Write out the following listing's lines from the one with "A handcrafted mix" to the one with "關懷攤商,桃園縣長吳志揚訪視大園鄉三星樂活市場。", exactly, with both included and no others.

──────── Data supplied ────────

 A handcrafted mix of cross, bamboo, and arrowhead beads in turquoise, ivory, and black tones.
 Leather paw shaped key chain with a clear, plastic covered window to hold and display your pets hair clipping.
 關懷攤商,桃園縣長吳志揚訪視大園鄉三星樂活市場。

────────
──────── Data supplied ────────

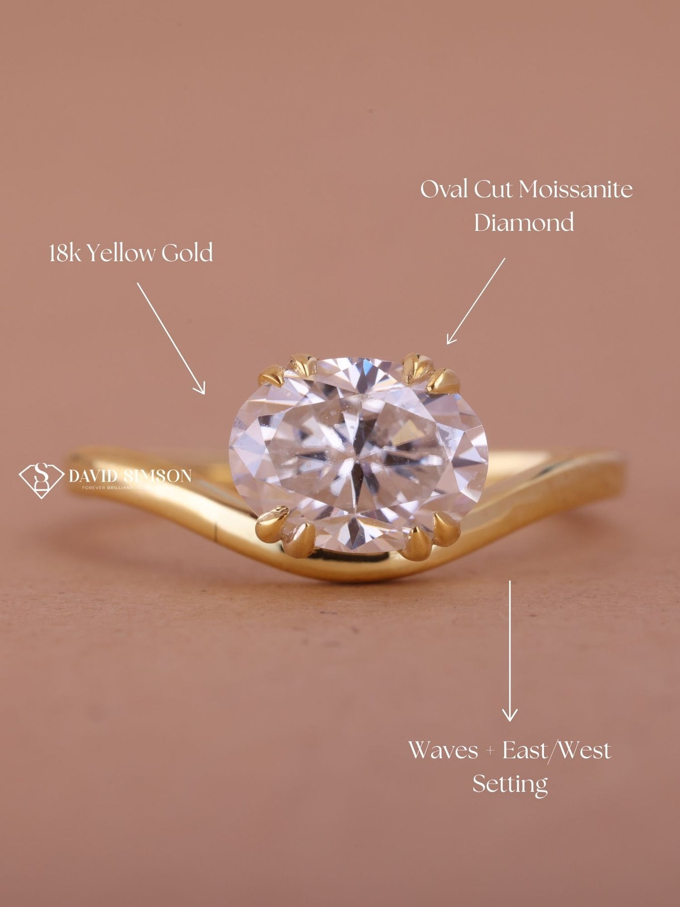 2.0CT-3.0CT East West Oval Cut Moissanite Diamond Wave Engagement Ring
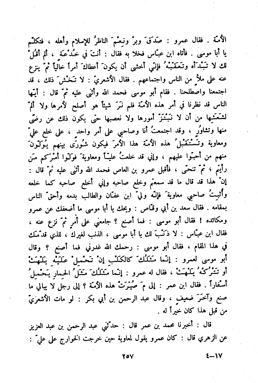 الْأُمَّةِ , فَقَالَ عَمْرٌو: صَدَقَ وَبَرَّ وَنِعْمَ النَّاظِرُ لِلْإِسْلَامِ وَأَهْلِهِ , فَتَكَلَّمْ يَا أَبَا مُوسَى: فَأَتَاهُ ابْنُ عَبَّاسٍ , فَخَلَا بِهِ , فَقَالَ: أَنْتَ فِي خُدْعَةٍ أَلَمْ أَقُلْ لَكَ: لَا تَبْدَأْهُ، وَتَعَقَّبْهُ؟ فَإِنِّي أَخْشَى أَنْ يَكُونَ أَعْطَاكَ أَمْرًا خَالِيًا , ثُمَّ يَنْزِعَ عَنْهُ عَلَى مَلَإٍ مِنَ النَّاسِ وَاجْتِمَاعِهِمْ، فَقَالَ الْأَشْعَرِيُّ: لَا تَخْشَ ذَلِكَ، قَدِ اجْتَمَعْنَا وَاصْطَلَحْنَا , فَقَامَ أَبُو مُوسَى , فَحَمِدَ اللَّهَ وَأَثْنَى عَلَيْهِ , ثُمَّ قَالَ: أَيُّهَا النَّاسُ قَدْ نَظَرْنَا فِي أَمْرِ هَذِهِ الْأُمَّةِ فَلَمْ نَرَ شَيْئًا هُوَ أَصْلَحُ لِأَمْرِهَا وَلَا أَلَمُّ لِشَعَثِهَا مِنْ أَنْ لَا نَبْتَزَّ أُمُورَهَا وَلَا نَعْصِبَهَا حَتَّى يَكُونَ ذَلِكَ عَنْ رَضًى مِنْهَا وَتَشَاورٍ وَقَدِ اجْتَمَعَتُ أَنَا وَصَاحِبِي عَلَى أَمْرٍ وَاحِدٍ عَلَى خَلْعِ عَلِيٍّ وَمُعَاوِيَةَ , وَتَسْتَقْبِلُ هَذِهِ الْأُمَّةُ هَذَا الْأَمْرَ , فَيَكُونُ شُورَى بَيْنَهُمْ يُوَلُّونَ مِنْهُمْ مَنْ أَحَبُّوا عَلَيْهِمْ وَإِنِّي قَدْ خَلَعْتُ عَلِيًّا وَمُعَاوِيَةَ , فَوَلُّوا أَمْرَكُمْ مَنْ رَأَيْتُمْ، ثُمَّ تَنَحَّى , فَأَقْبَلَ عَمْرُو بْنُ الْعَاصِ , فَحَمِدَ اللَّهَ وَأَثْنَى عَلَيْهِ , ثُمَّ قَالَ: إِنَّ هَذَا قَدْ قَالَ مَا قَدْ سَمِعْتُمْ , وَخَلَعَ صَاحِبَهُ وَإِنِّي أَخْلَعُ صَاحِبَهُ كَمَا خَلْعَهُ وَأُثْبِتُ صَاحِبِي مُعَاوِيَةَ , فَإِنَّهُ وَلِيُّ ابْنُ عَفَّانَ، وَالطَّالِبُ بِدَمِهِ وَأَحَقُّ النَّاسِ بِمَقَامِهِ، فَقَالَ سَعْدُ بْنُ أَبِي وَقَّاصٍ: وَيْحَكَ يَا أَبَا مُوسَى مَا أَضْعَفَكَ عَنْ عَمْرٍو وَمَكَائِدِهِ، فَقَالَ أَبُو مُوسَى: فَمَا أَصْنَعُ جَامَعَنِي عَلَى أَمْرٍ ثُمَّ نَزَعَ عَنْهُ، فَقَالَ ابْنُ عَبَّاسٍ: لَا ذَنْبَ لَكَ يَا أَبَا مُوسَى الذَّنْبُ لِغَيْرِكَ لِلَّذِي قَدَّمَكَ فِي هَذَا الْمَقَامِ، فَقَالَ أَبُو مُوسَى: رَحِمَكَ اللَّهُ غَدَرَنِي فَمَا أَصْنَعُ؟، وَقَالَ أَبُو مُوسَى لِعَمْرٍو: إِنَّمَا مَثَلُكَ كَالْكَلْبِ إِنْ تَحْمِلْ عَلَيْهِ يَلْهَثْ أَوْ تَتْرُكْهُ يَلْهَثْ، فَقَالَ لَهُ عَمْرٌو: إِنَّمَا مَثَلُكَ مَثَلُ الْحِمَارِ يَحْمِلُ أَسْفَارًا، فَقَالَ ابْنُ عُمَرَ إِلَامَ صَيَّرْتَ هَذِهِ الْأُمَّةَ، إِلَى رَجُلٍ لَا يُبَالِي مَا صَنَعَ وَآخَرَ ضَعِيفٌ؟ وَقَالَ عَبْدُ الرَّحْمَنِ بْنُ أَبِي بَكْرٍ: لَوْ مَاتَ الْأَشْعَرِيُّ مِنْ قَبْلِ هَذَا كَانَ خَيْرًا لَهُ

────────
──────── Data supplied ────────

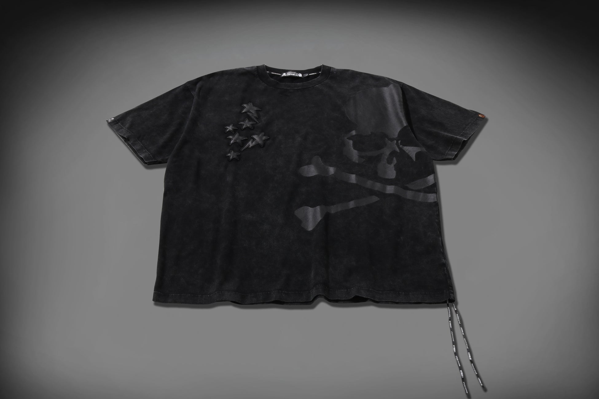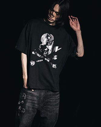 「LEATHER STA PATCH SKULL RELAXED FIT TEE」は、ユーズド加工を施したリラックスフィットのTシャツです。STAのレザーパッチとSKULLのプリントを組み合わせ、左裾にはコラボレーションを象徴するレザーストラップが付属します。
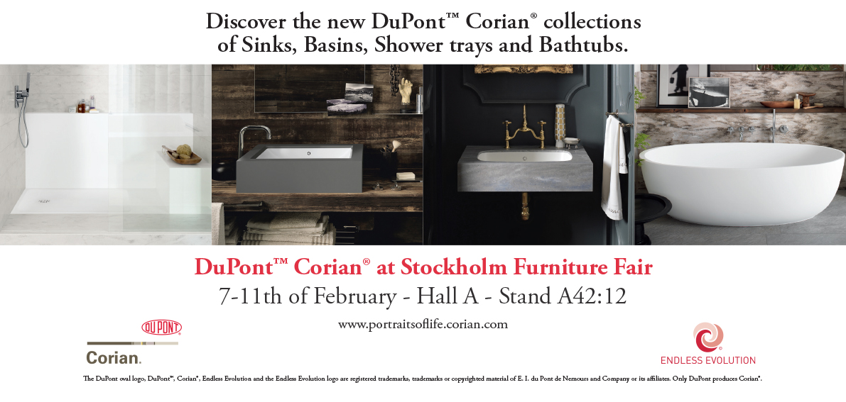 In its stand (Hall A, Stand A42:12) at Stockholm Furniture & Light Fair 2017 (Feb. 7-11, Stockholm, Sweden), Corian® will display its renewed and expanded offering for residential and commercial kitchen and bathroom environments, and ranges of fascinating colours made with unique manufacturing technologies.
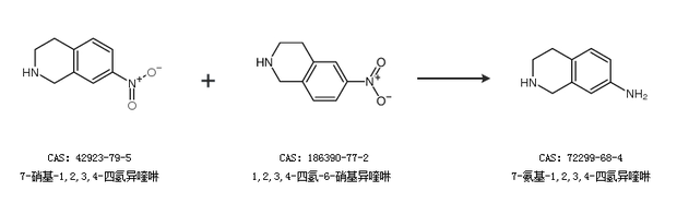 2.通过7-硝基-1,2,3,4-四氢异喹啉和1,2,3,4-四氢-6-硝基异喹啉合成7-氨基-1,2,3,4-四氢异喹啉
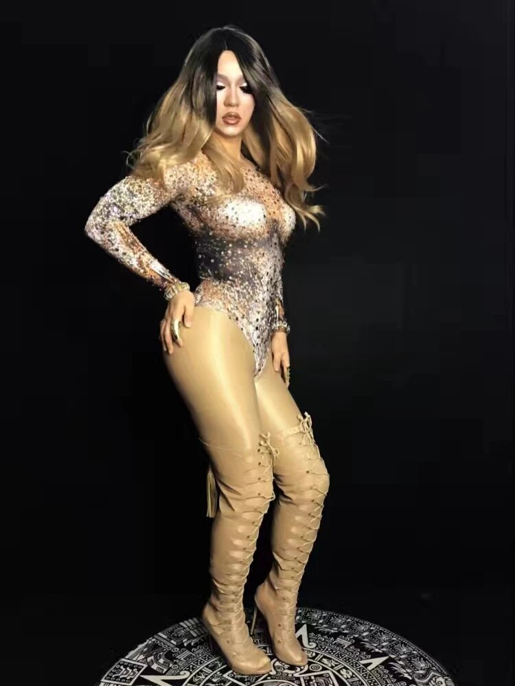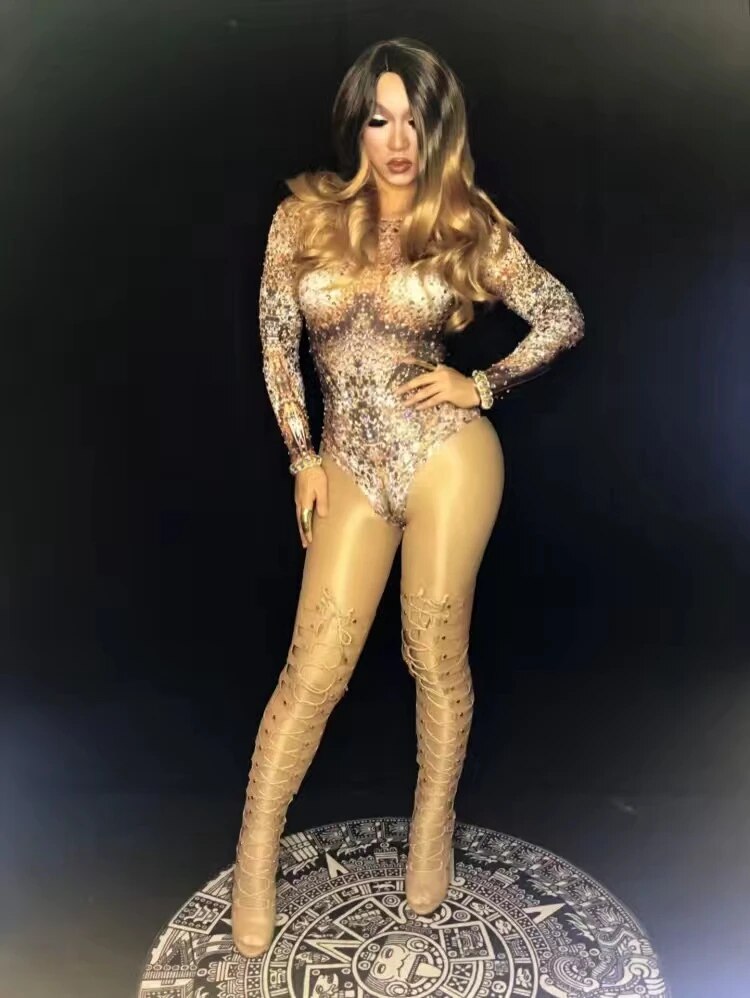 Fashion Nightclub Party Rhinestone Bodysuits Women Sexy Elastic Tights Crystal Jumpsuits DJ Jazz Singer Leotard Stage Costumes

────────

*Written reply*:
 A handcrafted mix of cross, bamboo, and arrowhead beads in turquoise, ivory, and black tones.
 Leather paw shaped key chain with a clear, plastic covered window to hold and display your pets hair clipping.
 關懷攤商,桃園縣長吳志揚訪視大園鄉三星樂活市場。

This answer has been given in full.